Vojvodina Premier Maja Gojkovic said on Jan. 13 that the idea of that autonomous province breaking away would not fly in Vojvodina or in Serbia and that the number of those who supported the idea at the national level was on the level "really of statistical error."
"Also, they did not put forward those ideas at the last election because apparently they left them for this period, when someone decided to create chaos, to try to create chaos in Serbia, to block institutions, to prevent students from studying," Gojkovic, also a funcationary in the ruling Serbian Progressive Party, told B92 TV.
Serbian parliament Speaker Ana Brnabic said on Jan. 12 that the demands of the students organizing blockades at university schools were political and that the organizers of student blockaders were "separatists" who wanted Vojvodina to break away from Serbia.
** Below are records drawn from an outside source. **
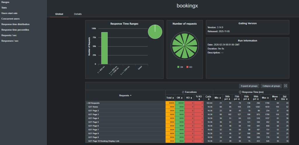 bookingx ผ่านการทดสอบ Performance รองรับ 200 Concurrent Users แบบไร้ Error ทีมงานได้ทำการทดสอบประสิทธิภาพของระบบ bookingx โดยใช้เครื่องมือ Gatling เพื่อประเมินความสามารถในการรองรับผู้ใช้งานจำนวนมากพร้อมกัน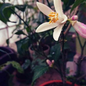 義母が育てているレモン🍋の花🌼咲いてます 冬は凍結防止のため室内に〜 季節間違えたかな笑 早く🍋できるといいなあ😊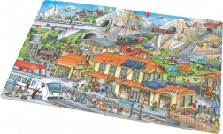 Découvrez le monde fascinant du chemin de fer avec ce grand livre illustré pour enfants. Il propose des illustrations détaillées de locomotives, wagons, voies et gares, des histoires amusantes à chaque page et une foule de pistes pour inventer des récits. Les enfants découvriront qui travaille sur le chemin de fer, voyageront en petit train historique et en train rapide moderne et vivront un trajet à travers des tunnels, sur des ponts, de jour comme de nuit.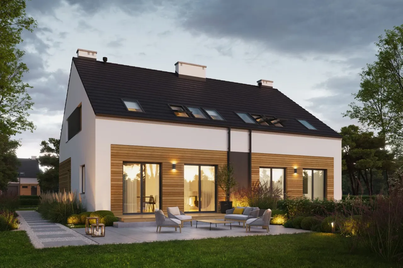 Wypełnij formularz i otrzymaj rysunki w pdf z dokładnymi wymiarami budynku i pomieszczeń (długość, szerokość, wysokość) dla projektu Eco 16 bliźniak
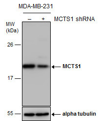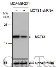 - Non-transfected (¡V) and transfected (+) MDA-MB-231 whole cell extracts (30 ?g) were separated by 12% SDS-PAGE, and the membrane was blotted with MCTS1 antibody [N1C3] (GTX117793) diluted at 1:500. The HRP-conjugated anti-rabbit IgG antibody (GTX213110-01) was used to detect the primary antibody.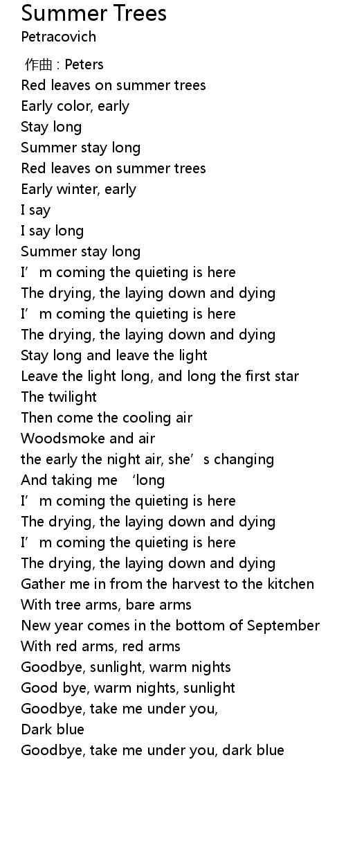 | 歌曲 | Summer Trees |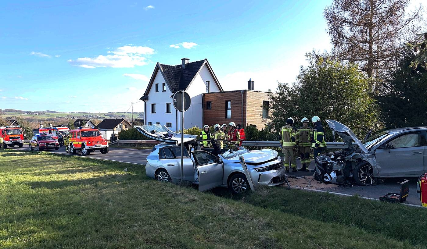 Etscheid | 3. April 2026 | (ww). Bereits am Mittwochnachmittag kam es auf der L255 bei Etscheid, einem Orstteil von Neustadt (Wied) im Landkreis Neuwied zu einem Unfall zwischen drei Fahrzeugen. Dabei wurden vier Personen verletzt und mussten in Krankenhäuser transportiert werden. Die Feuerwehr musste eine eingeklemmte und verletzte Frau aus ihrem Auto befreien. Gegen 17.15 Uhr ging eine automatische Meldung über ein eCall System eines Fahrzeuges nach einem Unfall ein und es folgte ein Notruf, dass es bei Etscheid zu einem Unfall gekommen sei. Sofort wurden Feuerwehr und Rettungsdienst alarmiert. Die ersten Einsatzkräfte an der Unfallstelle fanden zwei Autos vor, die frontal ineinander gestoßen waren sowie ein drittes Fahrzeug etwas weiter entfernt. Durch die Feuerwehr wurden alle Betroffenen erstversorgt und anschließend an den Rettungsdienst zur weiteren Behandlung übergeben. Die Fahrerin eines der frontal zusammengestoßenen Autos war noch im Fahrzeug eingeschlossen. In Absprache mit dem Rettungsdienst wurde zur schonenden Rettung der Verletzten das Dach vom Fahrzeug entfernt. Hierzu kamen hydraulische Rettungsgeräte zum Einsatz. Parallel stellte die Feuerwehr den Brandschutz sicher und nahm ausgelaufene Betriebsstoffe auf. Aufgrund des Verletzungsmusters der Fahrerin wurde ein Rettungshubschrauber nachgefordert. Insgesamt wurden vier Beteiligte in Krankenhäuser gebracht. Darunter zwei Personen leichtverletzt, eine Person mittelschwer und eine Person schwerverletzt. Nach rund eineinhalb Stunden konnte der Einsatz für die Feuerwehren Etscheid und Neustadt beendet werden. Die L255 in Höhe der Ortslage Etscheid musste während der Maßnahmen voll gesperrt werden.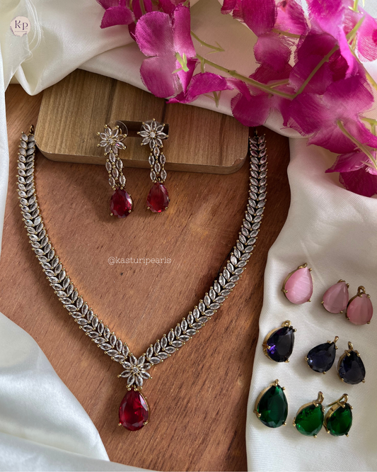 Kesari stone changeable Victorian Necklace set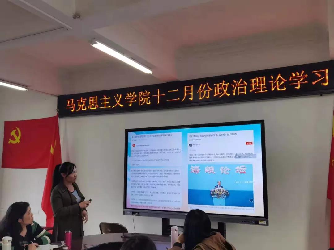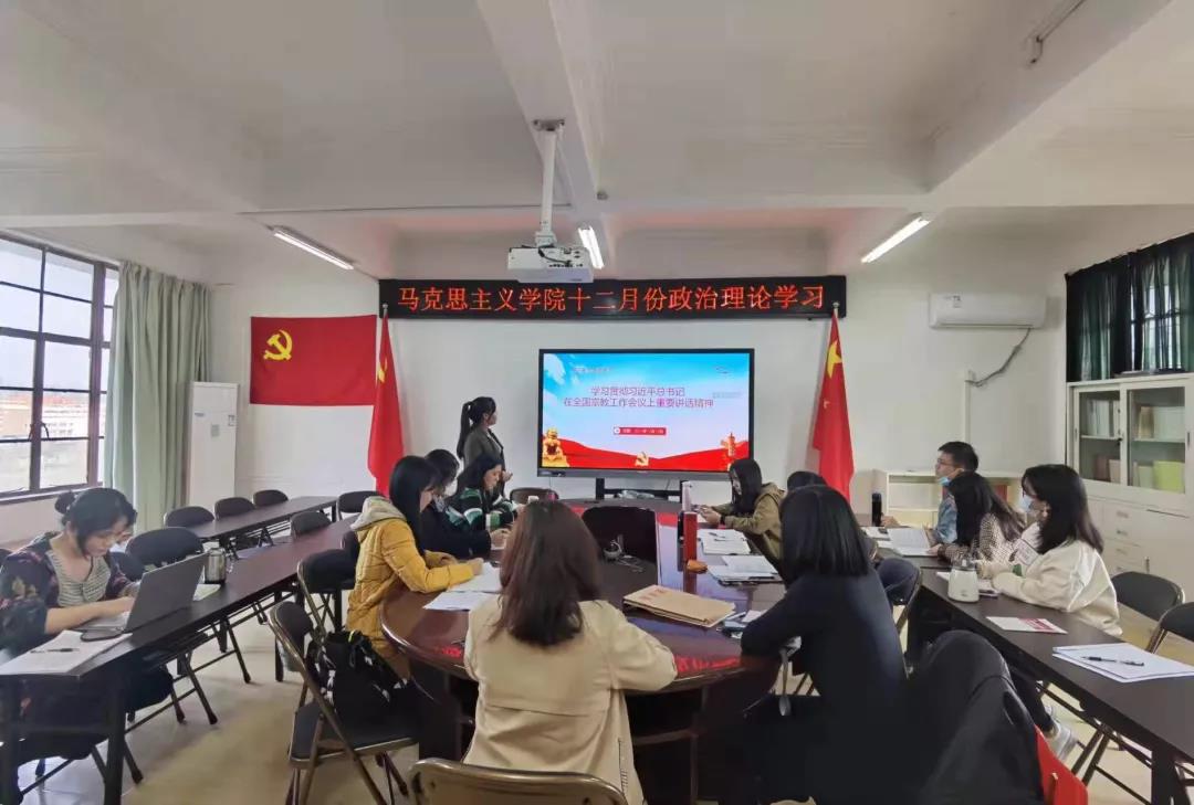 12月15日下午,马克思主义学院全体党员教师在院办601开展意识形态专题学习,由高雯婷教师作"学习贯彻习近平总书记在全国宗教工作会议上重要讲话精神"报告。

Bojan Kostres, president of the League of Social Democrats of Vojvodina, said on Jan. 13 that the statement was "nothing more than spin" and "the result of fear due to the fact that surveys show that 60 percent of Serbian citizens believe the state is headed in the wrong direction and that more than 60 percent support the protests and university school blockades."
Ana Oreg, an MP and vice president of the Free Citizens' Movement, denied Brnabic's claims that the students advocated Vojvodina breaking away and added that what they wanted was "liberation from Progressive sheriffs who have devastated the country."